-- YOUR OBJECTIVE --
Apart from the images, reproduce every record word for word.

Items listed in a dataset
.....
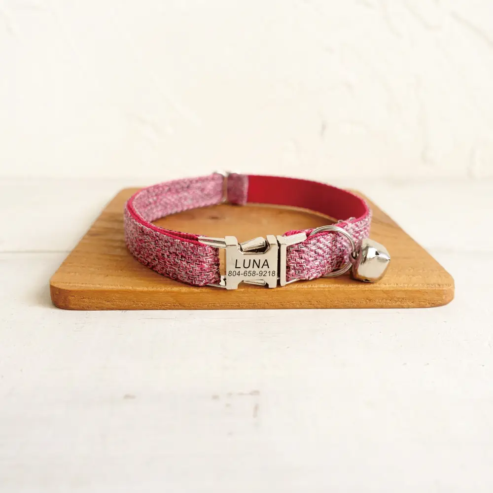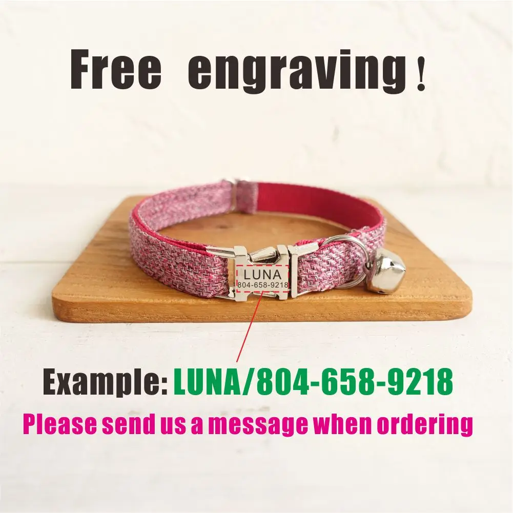Nombre del producto: Collar de gato personalizado con grabado gratuito, correa para mascotas a juego, hebilla de metal con contactos personalizados, collar para mascotas de fibra de traje rosa
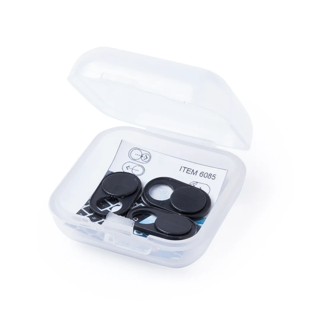 Tapa câmera de dispositivo móvel para proteger a privacidade. Em tamanho ultra compacto e servido numa única caixa translúcida com 3 peças. Disponível nas cores preto e branco, conjunto apresentado em caixa individual com cartão.Adesivo. 3 Peças
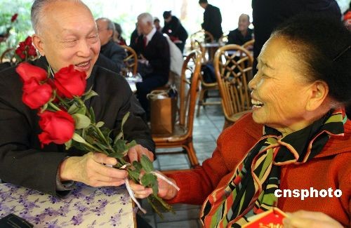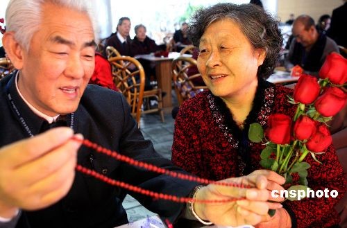 2月9日,中國傳統(tǒng)元宵佳節(jié)到來之際,北京植物園上演的“浪漫玫瑰文化周”吸引99對(duì)金婚夫婦共度元宵佳節(jié),特邀而來的金婚夫婦(結(jié)婚滿50年)手捧著政府當(dāng)年頒發(fā)的不同版本的結(jié)婚證,相互獻(xiàn)上象征愛情的紅玫瑰、相思紅豆,交換金婚禮物,重溫愛的誓言,在鮮花前回憶浪漫的美好時(shí)光,許多長(zhǎng)者回憶起風(fēng)風(fēng)雨雨幾十年的時(shí)光,激動(dòng)得熱淚盈眶。中新社發(fā) 錢興強(qiáng) 攝
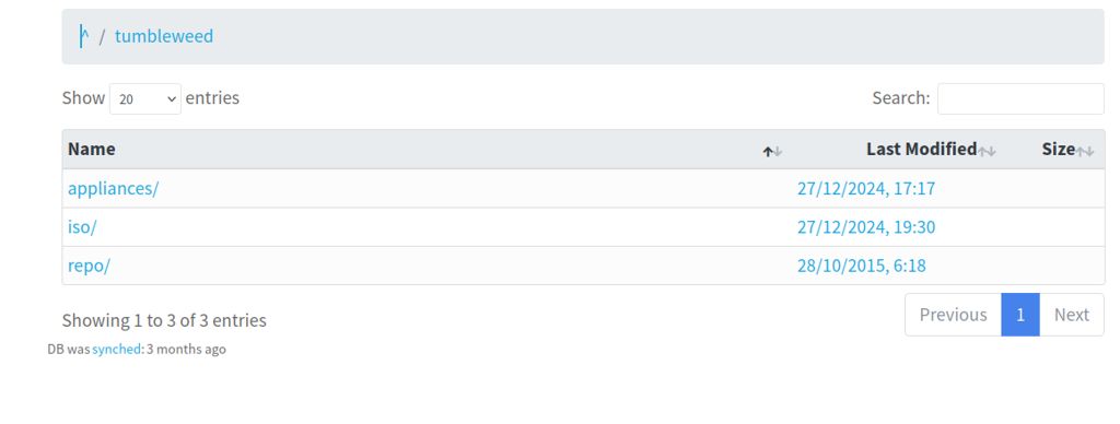 Su situación normal en el servidor suele ser esta : /download.opensuse.org/tumbleweed/ (elimine el principio para que no salga el enlace , lo de htt…etc ) .
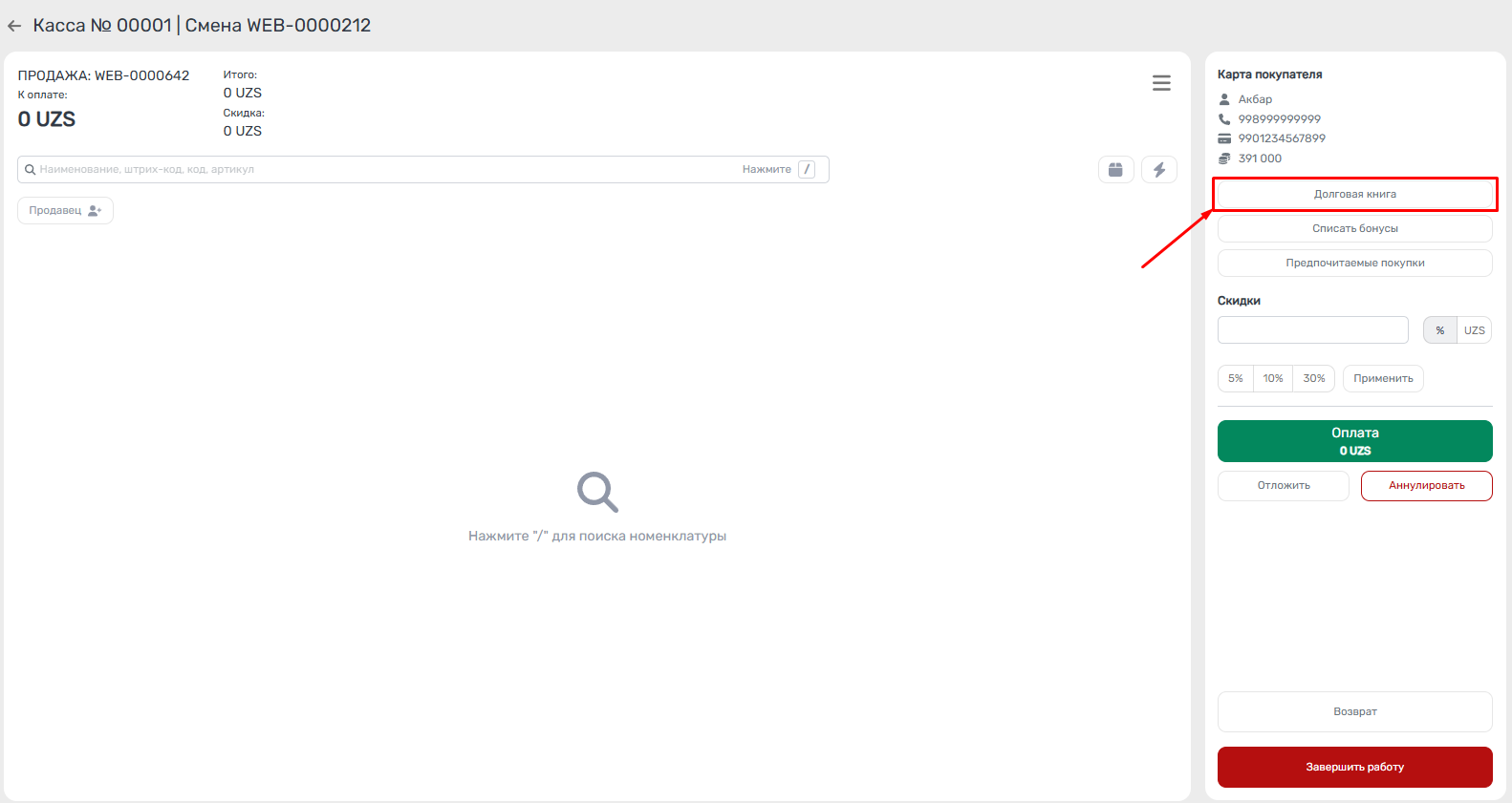 После оформления продажа автоматически попадёт в «Долговую книгу», где будет отражена сумма долга.
.....
-- SOLUTION BELOW --
Nombre del producto: Collar de gato personalizado con grabado gratuito, correa para mascotas a juego, hebilla de metal con contactos personalizados, collar para mascotas de fibra de traje rosa
 Tapa câmera de dispositivo móvel para proteger a privacidade. Em tamanho ultra compacto e servido numa única caixa translúcida com 3 peças. Disponível nas cores preto e branco, conjunto apresentado em caixa individual com cartão.Adesivo. 3 Peças
 2月9日,中國傳統(tǒng)元宵佳節(jié)到來之際,北京植物園上演的“浪漫玫瑰文化周”吸引99對(duì)金婚夫婦共度元宵佳節(jié),特邀而來的金婚夫婦(結(jié)婚滿50年)手捧著政府當(dāng)年頒發(fā)的不同版本的結(jié)婚證,相互獻(xiàn)上象征愛情的紅玫瑰、相思紅豆,交換金婚禮物,重溫愛的誓言,在鮮花前回憶浪漫的美好時(shí)光,許多長(zhǎng)者回憶起風(fēng)風(fēng)雨雨幾十年的時(shí)光,激動(dòng)得熱淚盈眶。中新社發(fā) 錢興強(qiáng) 攝
 Su situación normal en el servidor suele ser esta : /download.opensuse.org/tumbleweed/ (elimine el principio para que no salga el enlace , lo de htt…etc ) .
 После оформления продажа автоматически попадёт в «Долговую книгу», где будет отражена сумма долга.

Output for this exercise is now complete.